Otras miradas

Este no es mi barrio

Israel Merino

Foto de El Olivar.- Israel Merino
Foto de El Olivar.- Israel Merino

Hoy también voy a escribir sobre un barrio que nunca será el mío.  

Andaba este viernes de borrachera en un karaoke en pleno Barrio de Salamanca –mejor ni preguntéis por qué – cuando Calvo y Aída, mis amigos, se cansaron y propusieron seguir de marcha por Carabanchel.  

Ellos son de allí, se conocen el barrio como las arrugas de una agüela, y conseguimos en nada y menos entrar en una discoteca – de las buenas, de las de menos de seis euros la copa – cerca de la parada de metro de Oporto.  

Fumando en la puerta, Calvo empezó a hablar de Carabanchel y de la antigua cárcel y de los pisos a bajo precio que conocía justo en el mismo edificio de la discoteca; todo iba bien hasta que yo también empecé a enumerar las virtudes del que consideraba mi barrio, Puerta del Ángel, describiendo con todo mi amor los chiquitos del Mauricio y la complicidad de El Olivar y las maldades en La Esquina de Eusebio cuando cae la noche sobre la calle Caramuel.  


–Pero ese no es tu barrio, ¿no? –dijo de repente–. O sea, tú no te criaste ahí.  

Calvo no se dio cuenta en ese momento, pero su comentario me machacó porque era verdad. Calvo no se dio cuenta en ese momento, pero desencadenó un desarraigo que, aun silenciado con muchos rollos de precinto, llevaba bastante tiempo jugando al frontón contra mi cabeza.  

Los que somos de fuera, ese lugar que es cualquier otro menos en el que se está justo ahora, tenemos todo el rato esa sensación de no pertenecer a ningún lugar; de ser apátridas voluntarios, estorbos e incluso chivatos.  

Al volver a casa ya por la mañana, atravesé la Pradera de San Isidro y el parque de la Ermita y me planté a observar las rejas de los bajos desde los altos de la calle Sepúlveda, justo en la frontera de Puerta del Ángel. También, borracho todavía, le hice una fotito al parque de El Olivar para tener un recuerdo del que nunca sería mi barrio –qué intenso me pongo por las mañanas–. 
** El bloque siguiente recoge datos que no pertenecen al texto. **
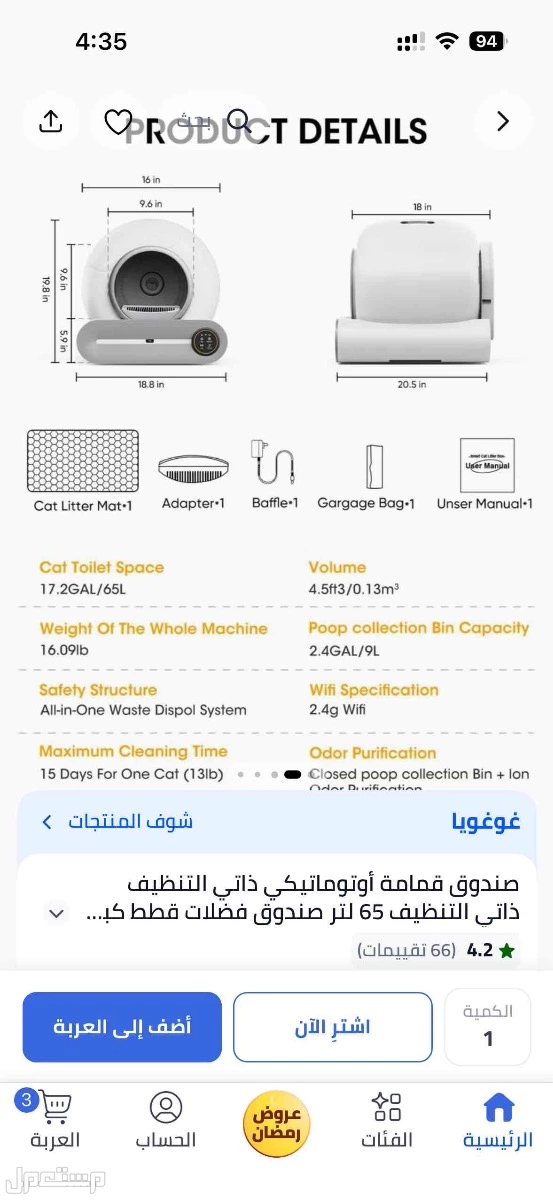 لتر بوكس ذكي مع تنظيف ذاتي و تطبيق فالجوال للتحكم عن بعد + ومعطر السعر عند الشراء 1500 سعر البيع 750 جديد تم استخدامه لشهرين وتوفت القطه

Da igual que viva en él desde que hui de mis orígenes y senté la cabeza; da igual que por aquí me conozcan ya más por mi mote, Cachorro, que por mi nombre, Israel; que tenga amigos, amantes y camellos en cada esquina; que conozca secretos de sus gentes que no se pueden contar en un periódico o que vaya a tomarme chiquitos yo solo al Mauricio y me junte con cualquiera. Simplemente, no es mi barrio.   
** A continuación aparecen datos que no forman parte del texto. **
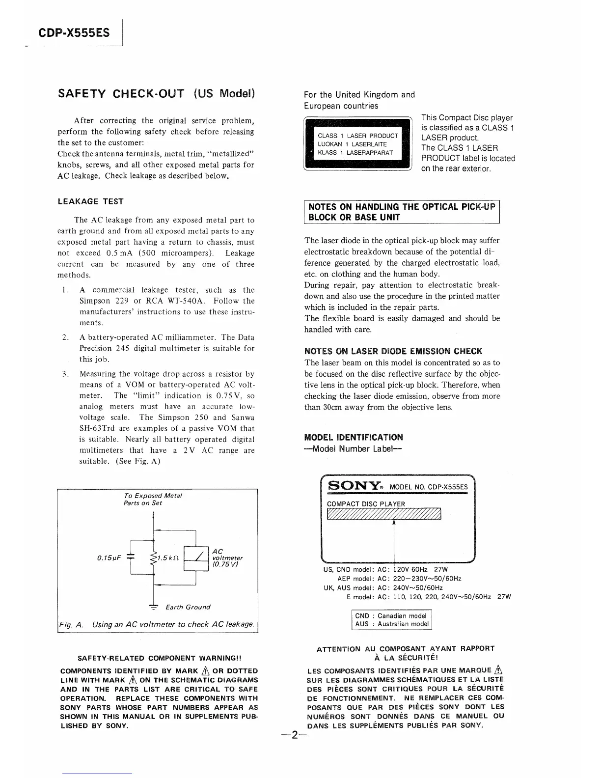 Sony CDP-X555ES - SAFETY CHECK-OUT (US Model); Leakage Test Procedure; Optical Pick-Up Block Handling; Laser Diode Emission Check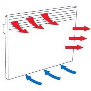 В основу работы электрических конвекторов положен принцип естественной конвекции. Эти приборы нагревают воздух, затем он поднимается вверх. После достижения потолка, происходит вытеснение холодных воздушных масс, которые втягиваются в конвектор и проходят уже описанный путь.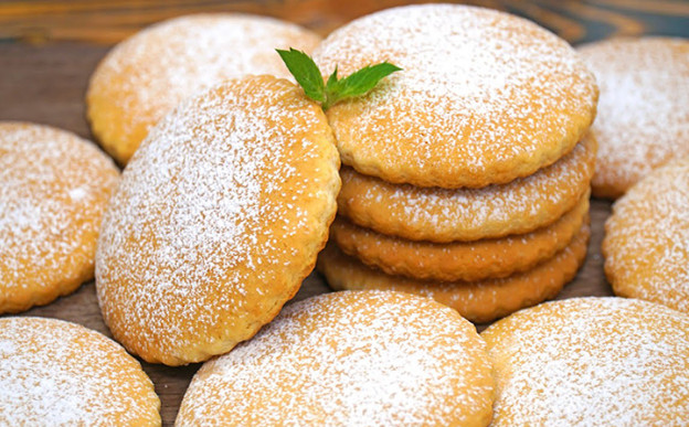 Застилаем противень пергаментом, кладем на поверхность полученные заготовки. В разогретой до 180 градусов духовке выпекаем коржики 25 минут.

La precariedad laboral, que yo prefiero llamar pobreza porque lo precario implica temporalidad, nos obliga a movernos de un lado para otro en busca de un alquiler más decente, de un trabajo mejor pagado o de un piso compartido; nos obliga a no tener ningún lugar, a tener que estar en todos lados como un Espíritu Santo triste, a hacer amigos de los que algún día nos alejaremos.   
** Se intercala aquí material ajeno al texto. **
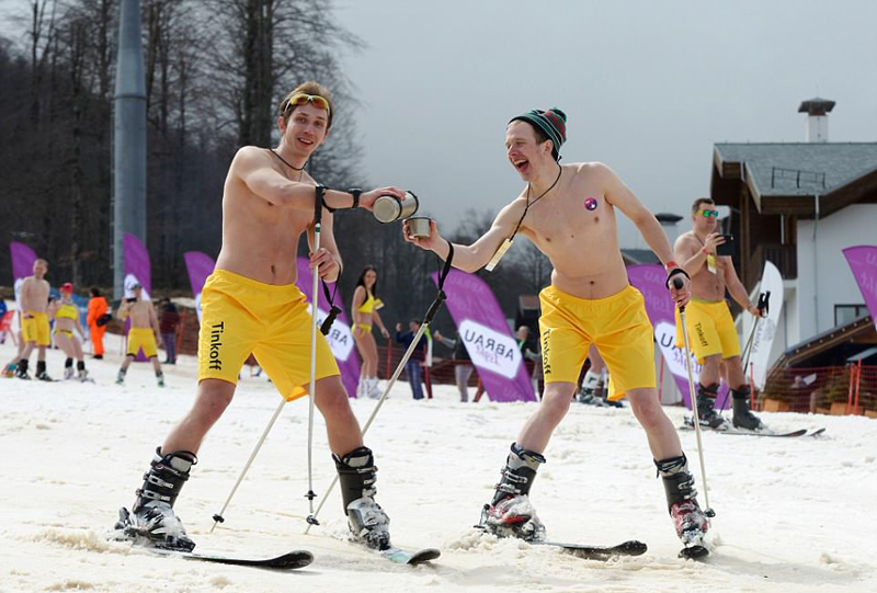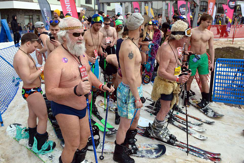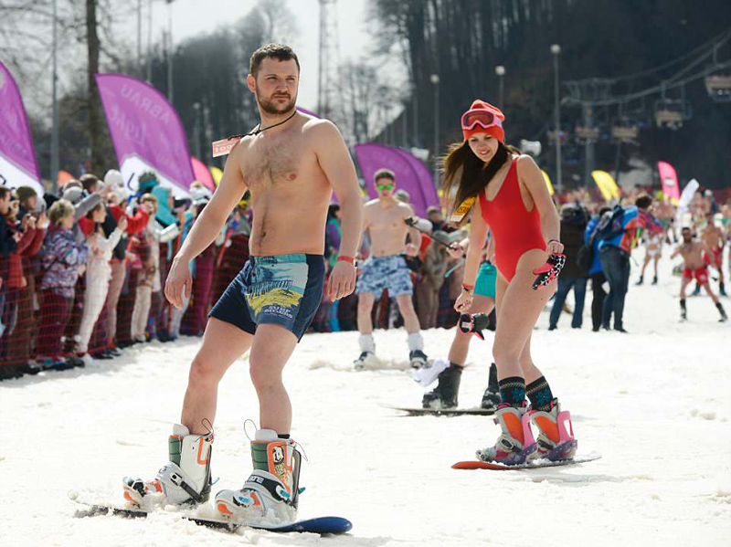 4月1日復活節這一天,在俄羅斯索契,近2000名只穿著(zhù)比基尼或游泳褲的雪上運動(dòng)愛(ài)好者參加了被稱(chēng)為“世界上最瘋狂的滑雪活動(dòng)”的戶(hù)外活動(dòng)。

No somos del sitio en el que estamos ni tampoco de ningún otro, pues al sitio de donde venimos tampoco podemos volver; somos gente triste, gente que intenta engañarse todo el rato con su lugar de procedencia; gente que realmente ama el sitio donde vive, pero sabe que nunca será el sitio de donde es.  

Hablo muchas veces con los chicos de El Olivar y ellos me cuentan cosas porque sé que confían en mí, pero sé que nunca seré del todo uno de ellos; criticamos juntos a los nuevos pijos que vienen con el dinero de sus papis a vivir y gentrificar la parte baja, la que está entre La Ermita y el río, sin embargo, sé que también me ven un poco como a ellos por mucho que viva en la zona del Alto y mi padre gane incluso menos que yo.  

Y esto no cambiará nunca, supongo, porque os puedo asegurar que de este barrio, sea o no el mío, no me mueve ni Dios.